[Source data]
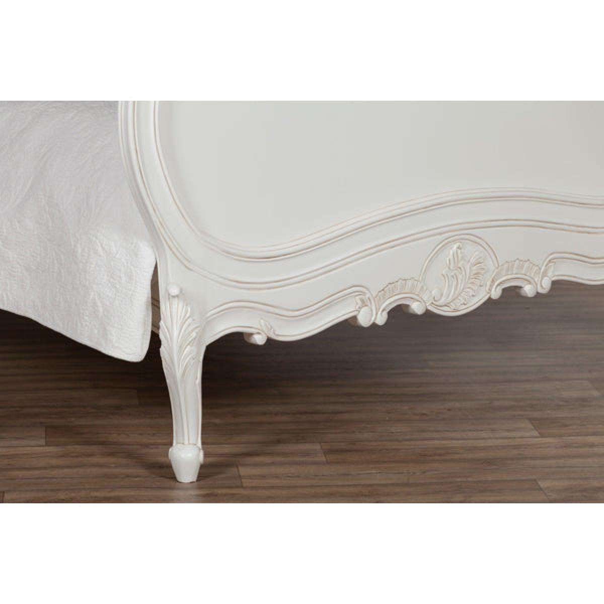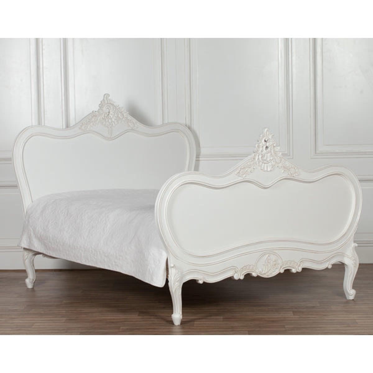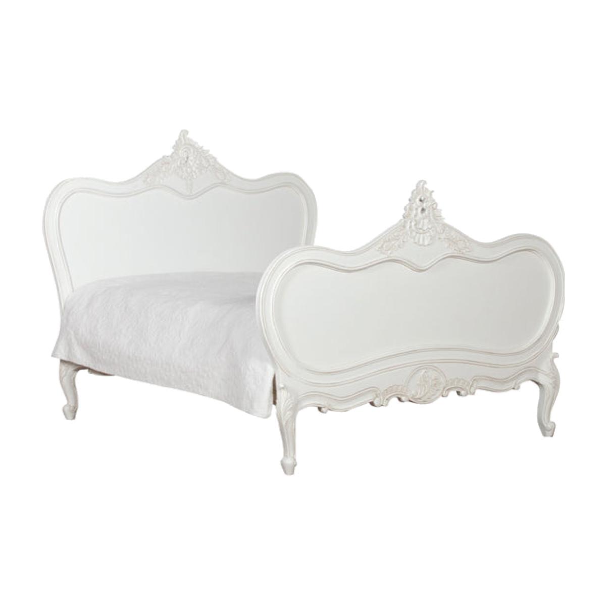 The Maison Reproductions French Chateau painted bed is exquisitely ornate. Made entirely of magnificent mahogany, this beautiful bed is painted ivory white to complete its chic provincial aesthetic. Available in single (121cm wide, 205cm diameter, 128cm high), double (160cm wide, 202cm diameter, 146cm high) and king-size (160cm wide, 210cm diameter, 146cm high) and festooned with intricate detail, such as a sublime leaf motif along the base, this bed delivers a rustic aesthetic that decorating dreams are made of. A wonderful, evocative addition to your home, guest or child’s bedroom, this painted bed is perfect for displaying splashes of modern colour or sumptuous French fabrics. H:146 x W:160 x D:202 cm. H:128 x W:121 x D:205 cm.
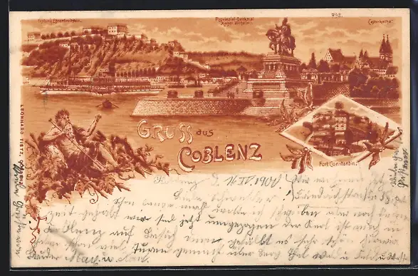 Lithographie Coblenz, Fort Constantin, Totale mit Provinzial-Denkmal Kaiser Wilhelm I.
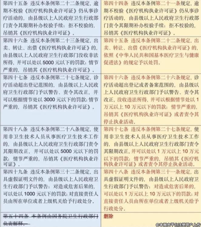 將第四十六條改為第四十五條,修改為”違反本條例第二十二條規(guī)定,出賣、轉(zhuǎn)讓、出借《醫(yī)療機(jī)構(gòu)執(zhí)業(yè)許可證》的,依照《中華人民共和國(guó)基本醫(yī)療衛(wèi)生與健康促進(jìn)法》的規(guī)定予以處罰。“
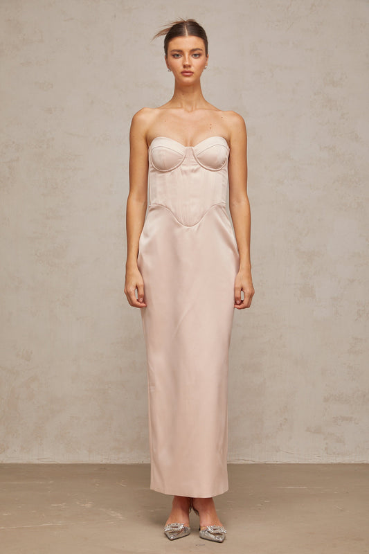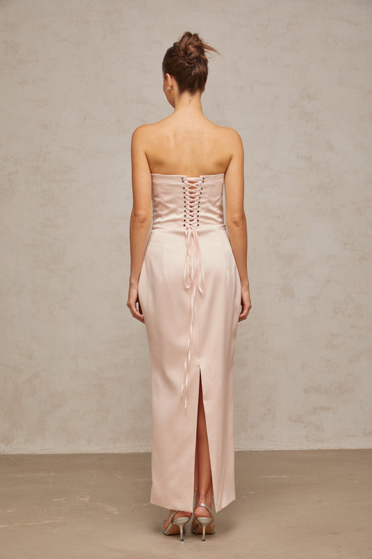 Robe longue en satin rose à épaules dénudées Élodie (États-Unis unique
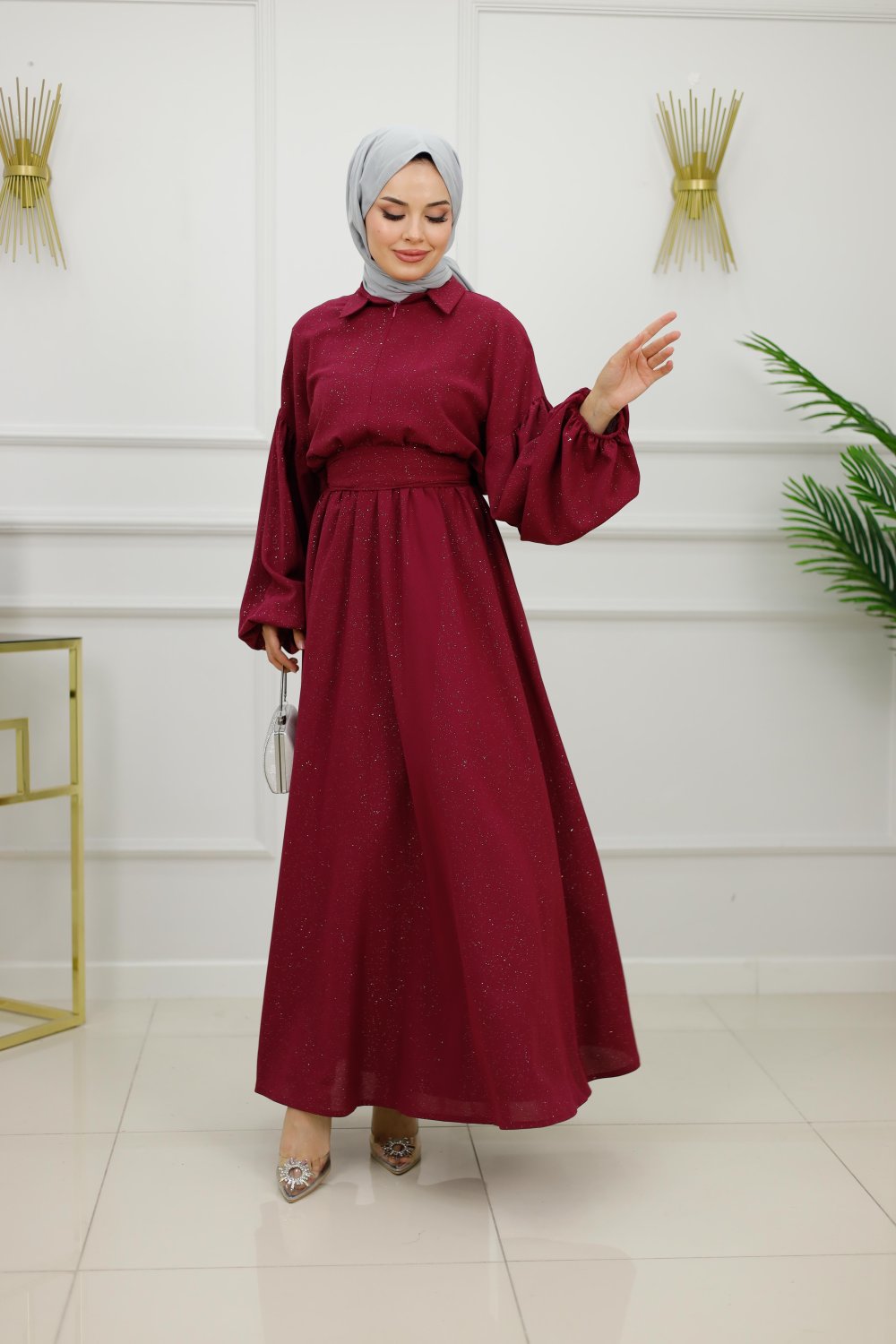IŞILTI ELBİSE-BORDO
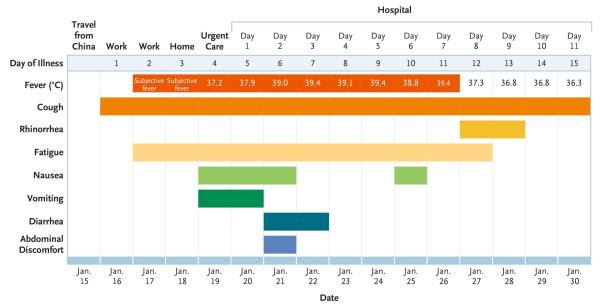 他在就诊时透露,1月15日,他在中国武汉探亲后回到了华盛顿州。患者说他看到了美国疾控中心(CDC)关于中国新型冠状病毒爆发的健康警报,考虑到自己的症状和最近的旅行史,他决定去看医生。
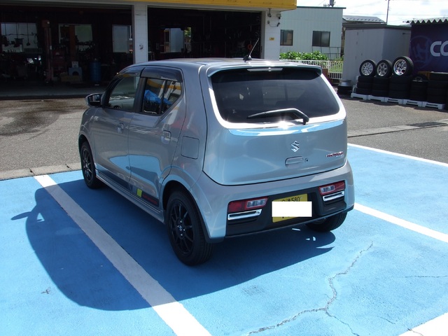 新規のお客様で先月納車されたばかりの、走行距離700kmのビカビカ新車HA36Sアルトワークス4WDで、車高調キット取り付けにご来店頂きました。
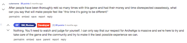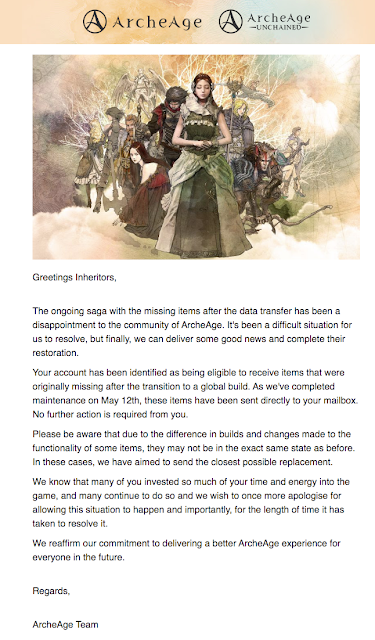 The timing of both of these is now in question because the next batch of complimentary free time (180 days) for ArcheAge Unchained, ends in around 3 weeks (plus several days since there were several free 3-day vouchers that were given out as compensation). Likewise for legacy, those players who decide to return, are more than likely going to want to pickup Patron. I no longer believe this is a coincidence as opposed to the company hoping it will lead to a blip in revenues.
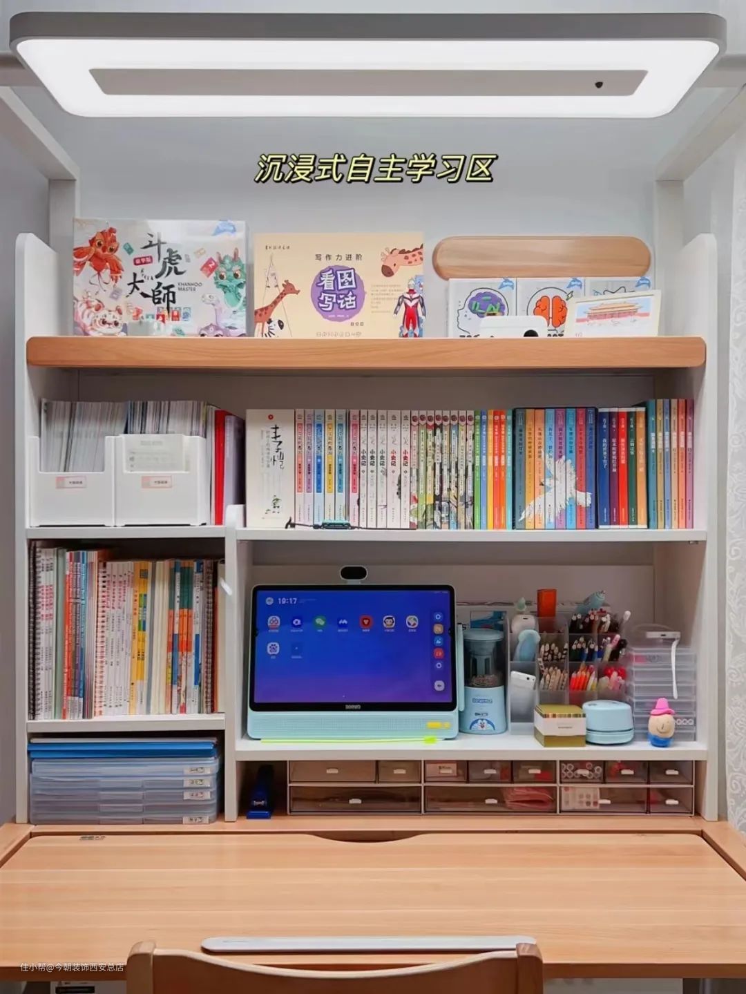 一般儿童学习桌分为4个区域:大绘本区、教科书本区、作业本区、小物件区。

▸ **PROMPT**:
Should a picture appear among the entries, skip it and copy the rest exactly.

▸ **RESPONSE BELOW**:
 The Maison Reproductions French Chateau painted bed is exquisitely ornate. Made entirely of magnificent mahogany, this beautiful bed is painted ivory white to complete its chic provincial aesthetic. Available in single (121cm wide, 205cm diameter, 128cm high), double (160cm wide, 202cm diameter, 146cm high) and king-size (160cm wide, 210cm diameter, 146cm high) and festooned with intricate detail, such as a sublime leaf motif along the base, this bed delivers a rustic aesthetic that decorating dreams are made of. A wonderful, evocative addition to your home, guest or child’s bedroom, this painted bed is perfect for displaying splashes of modern colour or sumptuous French fabrics. H:146 x W:160 x D:202 cm. H:128 x W:121 x D:205 cm.
 Lithographie Coblenz, Fort Constantin, Totale mit Provinzial-Denkmal Kaiser Wilhelm I.
 將第四十六條改為第四十五條,修改為”違反本條例第二十二條規(guī)定,出賣、轉(zhuǎn)讓、出借《醫(yī)療機(jī)構(gòu)執(zhí)業(yè)許可證》的,依照《中華人民共和國(guó)基本醫(yī)療衛(wèi)生與健康促進(jìn)法》的規(guī)定予以處罰。“
 Robe longue en satin rose à épaules dénudées Élodie (États-Unis unique
IŞILTI ELBİSE-BORDO
 他在就诊时透露,1月15日,他在中国武汉探亲后回到了华盛顿州。患者说他看到了美国疾控中心(CDC)关于中国新型冠状病毒爆发的健康警报,考虑到自己的症状和最近的旅行史,他决定去看医生。
 新規のお客様で先月納車されたばかりの、走行距離700kmのビカビカ新車HA36Sアルトワークス4WDで、車高調キット取り付けにご来店頂きました。
 The timing of both of these is now in question because the next batch of complimentary free time (180 days) for ArcheAge Unchained, ends in around 3 weeks (plus several days since there were several free 3-day vouchers that were given out as compensation). Likewise for legacy, those players who decide to return, are more than likely going to want to pickup Patron. I no longer believe this is a coincidence as opposed to the company hoping it will lead to a blip in revenues.
 一般儿童学习桌分为4个区域:大绘本区、教科书本区、作业本区、小物件区。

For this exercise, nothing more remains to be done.